Zhao Sizheng Steven, Woolf Benjamin, Rogne Tormod, Gill Dipender
Centre for Musculoskeletal Research, Division of Musculoskeletal and Dermatological Sciences, School of Biological Sciences, Faculty of Biology Medicine and Health, The University of Manchester, Manchester Academic Health Science Centre, Manchester, UK.
School of Psychological Science and MRC Integrative Epidemiology Unit, University of Bristol, Bristol, UK.
Rheumatol Adv Pract. 2025 Aug 29;9(3):rkaf100. doi: 10.1093/rap/rkaf100. eCollection 2025.
Evidence on the safety of TNF inhibitors (TNFi) for pregnancy-related maternal and foetal outcomes remains limited. While some studies report increased rates of preterm delivery, others have suggested a possible protective role for gestational diabetes. We used population-level data to examine the effect of genetically proxied TNFi on these outcomes.
We proxied TNFi using rs1800693, a splicing variant within the gene, which is strongly associated with CRP in a genome-wide association study of 575 531 individuals of European ancestry. CRP was selected as the biomarker because TNFi is recognized to suppression CRP. Genetic association data for pregnancy-related outcomes were taken from FinnGen and UK Biobank, including the outcomes of spontaneous abortion, ectopic pregnancy, hyperemesis gravidarum, gestational diabetes, pre-eclampsia or eclampsia, preterm birth and offspring birthweight. Colocalization analysis was used to examine genetic confounding.

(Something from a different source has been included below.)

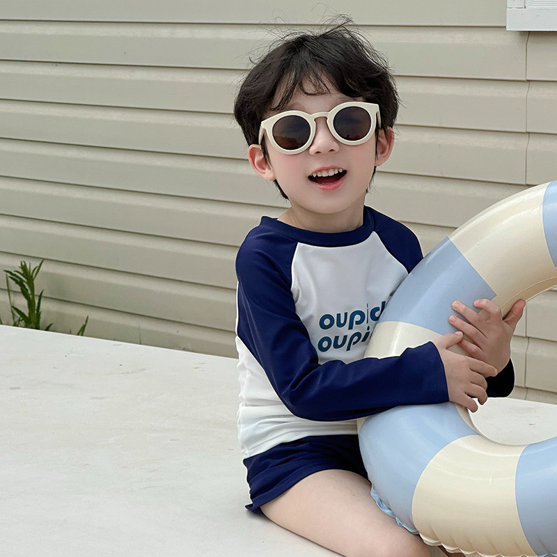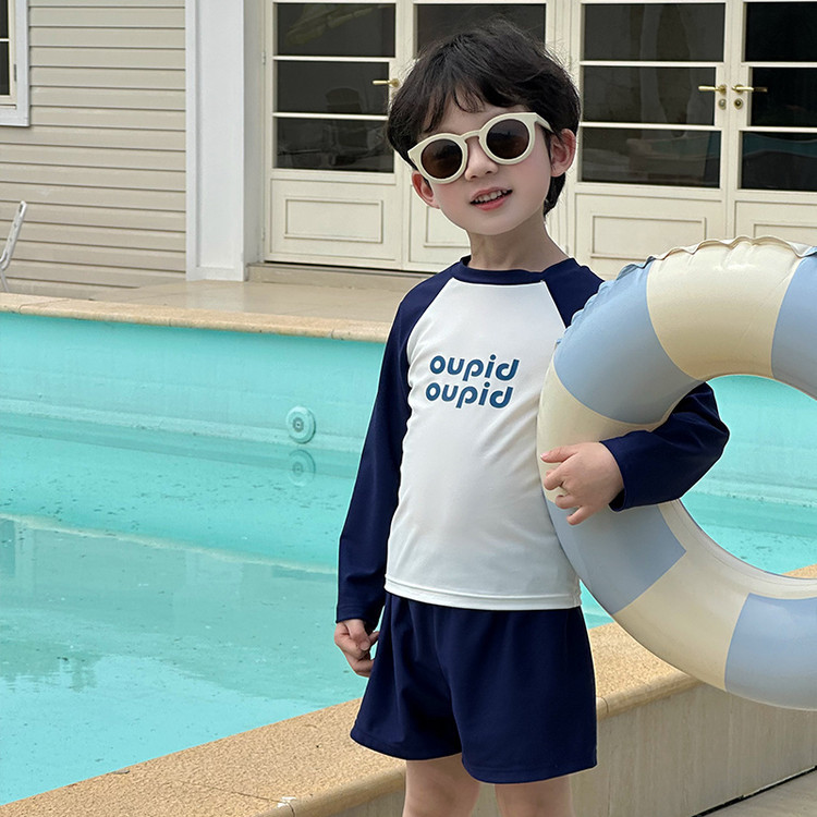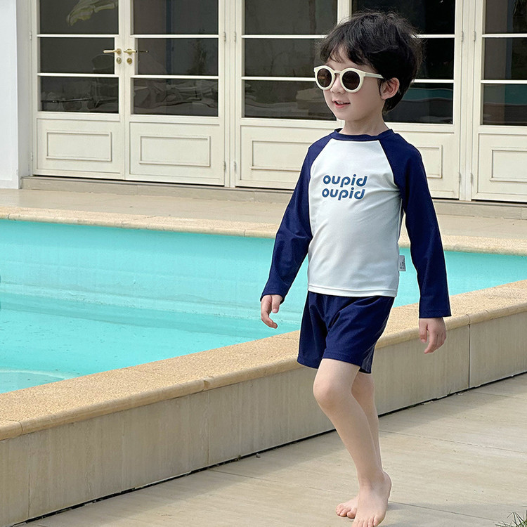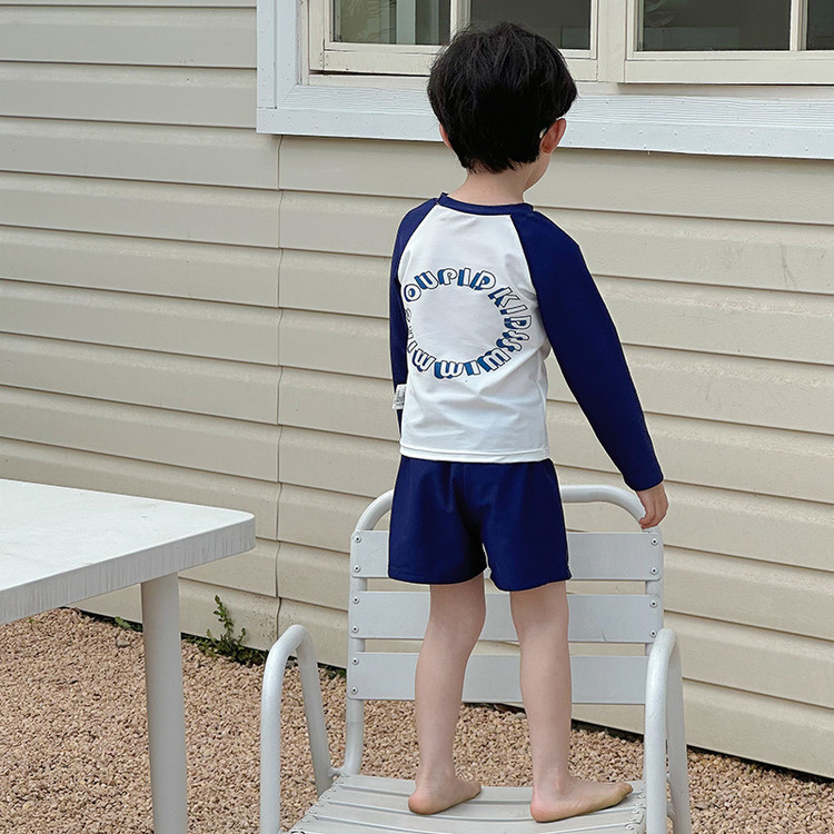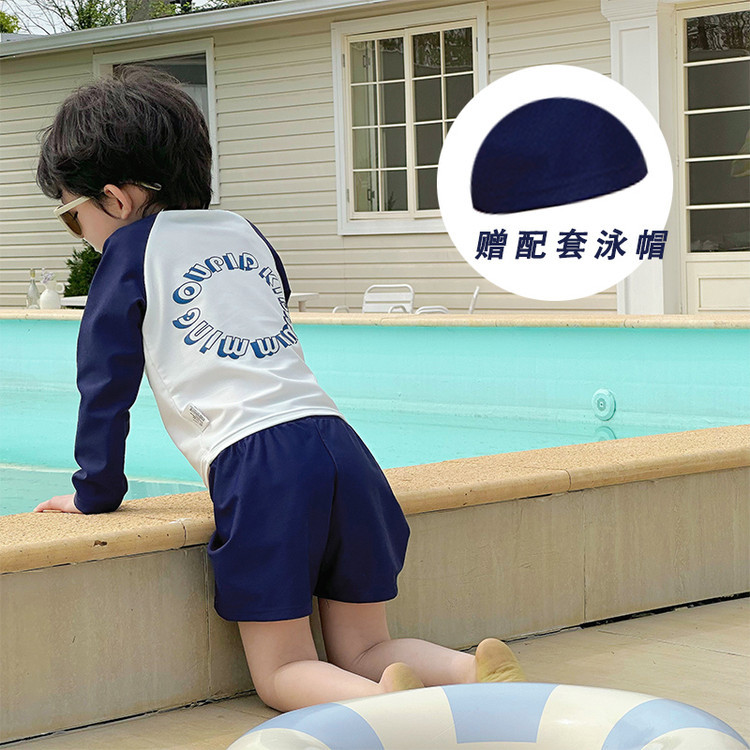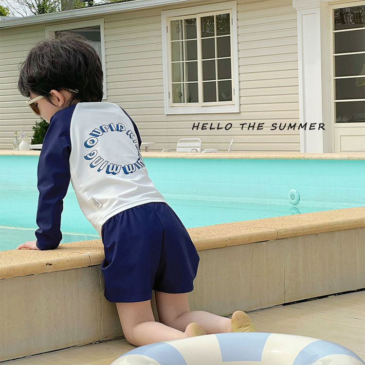 새로운 어린이 수영복 소년 스플릿 긴팔 자외선 차단 수영복 속건성 슈트 서양식 해변 온천 휴가 수영복스토어 가기

We found no strong association between genetically proxied TNFi and any adverse pregnancy-related outcome, including spontaneous abortion (odds ratio [OR] 1.07, 95% CI: 0.41, 2.81), preterm birth (OR 0.48, 95% CI 0.14, 1.60), hyperemesis gravidarum (OR 0.20, 95% CI 0.02, 2.57), pre-eclampsia or eclampsia (OR 0.59, 95% CI 0.13, 2.65). Genetically proxied TNFi was associated with lower risk of gestational diabetes (OR 0.16, 95% CI 0.05, 0.52). There was no statistical evidence to suggest genetic confounding through linkage disequilibrium.
This genetic investigation found no evidence linking TNFi to adverse pregnancy-related outcomes. The suggestive association with a reduced risk of gestational diabetes warrants further research and may support its consideration for at-risk pregnant women.
关于肿瘤坏死因子抑制剂(TNFi)对妊娠相关母体和胎儿结局安全性的证据仍然有限。虽然一些研究报告早产率增加,但其他研究表明其对妊娠期糖尿病可能具有保护作用。我们使用人群水平数据来研究基因代理的TNFi对这些结局的影响。
我们使用rs1800693来代理TNFi,它是该基因内的一个剪接变体,在一项对575531名欧洲血统个体进行的全基因组关联研究中与CRP密切相关。选择CRP作为生物标志物是因为已知TNFi可抑制CRP。妊娠相关结局的遗传关联数据来自芬兰基因研究项目(FinnGen)和英国生物银行,包括自然流产、异位妊娠、妊娠剧吐、妊娠期糖尿病、先兆子痫或子痫、早产和子代出生体重等结局。采用共定位分析来检验基因混杂情况。
我们发现基因代理的TNFi与任何不良妊娠相关结局之间均无强关联,包括自然流产(比值比[OR]为1.07,95%置信区间:0.41,2.81)、早产(OR为0.48,95%置信区间0.14,1.60)、妊娠剧吐(OR为0.20,95%置信区间0.02,2.57)、先兆子痫或子痫(OR为0.59,95%置信区间0.13,2.65)。基因代理的TNFi与妊娠期糖尿病风险较低相关(OR为0.16,95%置信区间0.05,0.52)。没有统计学证据表明存在通过连锁不平衡导致的基因混杂。
这项基因研究未发现TNFi与不良妊娠相关结局之间存在关联的证据。与妊娠期糖尿病风险降低的提示性关联值得进一步研究,可能支持对高危孕妇考虑使用TNFi。